Oxygen gas transfer from the air contained within the acinar lumen to the blood in the capillary sheet of the acinar unit was modeled assuming equilibration of oxygen between the air containing acinar lumen and the blood, containing lumen of the capillary within the capillary sheet. The patient was assumed to be hemodynamically stable, having stable blood pressure and pulse. The Kapitan and Hempleman model was used to calculate the steady-state partial pressures of oxygen (O 2 ) and carbon dioxide (CO 2 ) in each acinus. The partial pressures of O 2 and CO 2 within the gas-containing portion of the pulmonary acinus were calculated assuming the steady-state condition and were set equal to their values of the partial pressures of O 2 and CO 2 within the blood containing lumen at the end of each capillary of the acinar capillary sheet. The pulmonary venous partial pressure of O 2 and CO 2 were calculated averages of end-capillary O 2 and CO 2 contents that were then converted to partial pressures of O 2 and CO 2 .
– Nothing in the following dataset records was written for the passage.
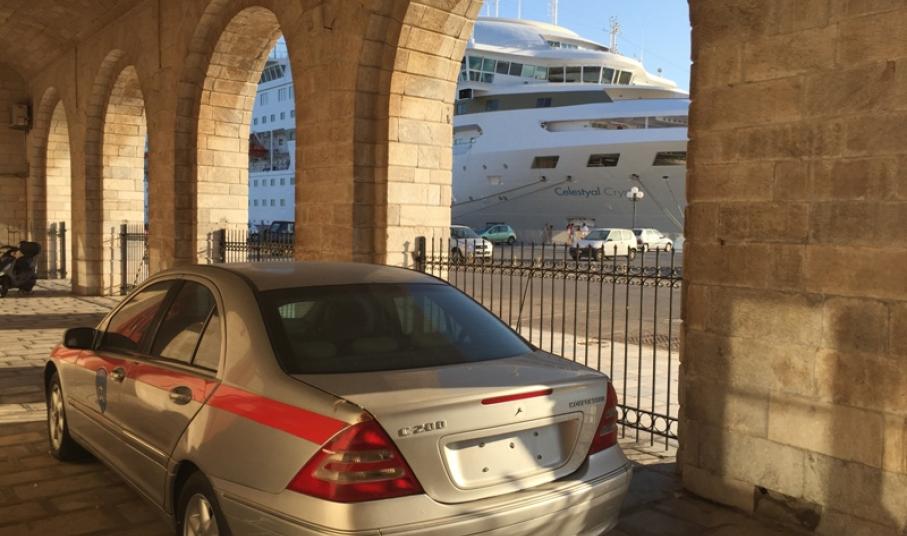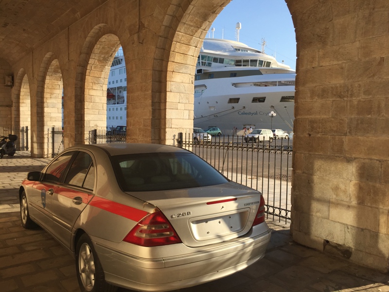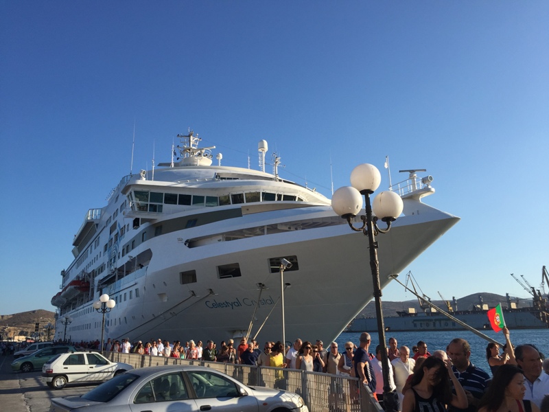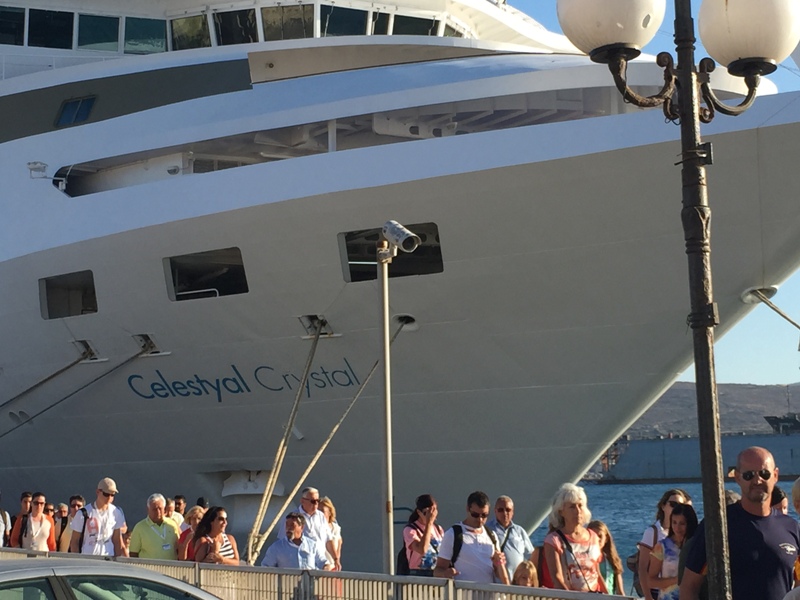 ( Χημείο , Τελωνείο προς τι; Πολεοδομία;). Αμέσως φαίνεται η μεγάλη αντίθεση στην αντιμετώπιση των επιβατών αυτών. Το κρουαζιερόπλοιο άψογα οργανωμένο, παρατηρώ ότι βγάζει ακόμα και κόκκινο χαλί πάνω στην τσιμεντένια προβλήτα για να προδιαθέσει ευχάριστα τους επιβάτες για τον προορισμό τους. Η πόλη από την άλλη απαθής, αδιάφορη, απούσα. Ούτε ένας επίσημος , δήμαρχος, αντιδήμαρχος , δημοτικός σύμβουλος, λιμενάρχης , ένστολος , άφαντοι.
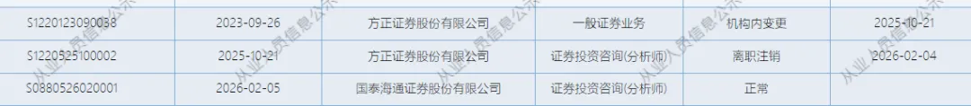 近日,证券从业系统显示,张轩铭,2月4日从财通证券离职,2月5日正式加入国泰海通证券。张轩铭,方正证券金融行业分析师,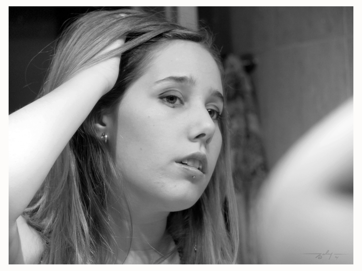 La cuarta y la quinta me gustan las expresiones de la chica, pero quedan composiciones demasiado encerradas para mí gusto. El que le corte ligeramente la cabeza en el retrato de primer plano (la cuarta fotografía) o el poco espacio y corte del brazo derecho (en la izquierda) en la quinta, quizás sean los causantes de que me de esa sensación.

The LP perfusion model needed specific boundary conditions set for cardiac output and left atrial pressure ( Box 8.2 ). The LP ventilation model needed specific boundary conditions set for respiratory rate and respiratory tidal volume ( Box 8.2 ). The baseline boundary conditions were estimated by using the patient age, weight, and height to estimate the metabolic rate, oxygen uptake, ventilation rate (or minute ventilation), and cardiac output. The resting respiratory rate was assumed to be 12 breaths per minute, and the resting heart rate was assumed to be 65 beats per minute. Metabolic demand was assumed to stay at a baseline value so that during the simulation of gas exchange, the values of venous O 2 and CO 2 were updated to maintain a constant baseline metabolic rate. The 3D ventilation of the lung was assumed to be constant. Only constant baseline values of cardiac output and minute ventilation were used in the LP model in assessing hypoxemic risk in individual APE patients. The LP model calculated the maximum derangement in arterial blood O 2 and CO 2 values as the hypoxemic risk and hypercapnic risk, respectively. The LP model also assessed the elevation of mean pulmonary artery pressure (mPAP), which provides a direct indication of right ventricular afterload. The increase in right ventricular afterload is what can produce acute right ventricular failure and death in APE.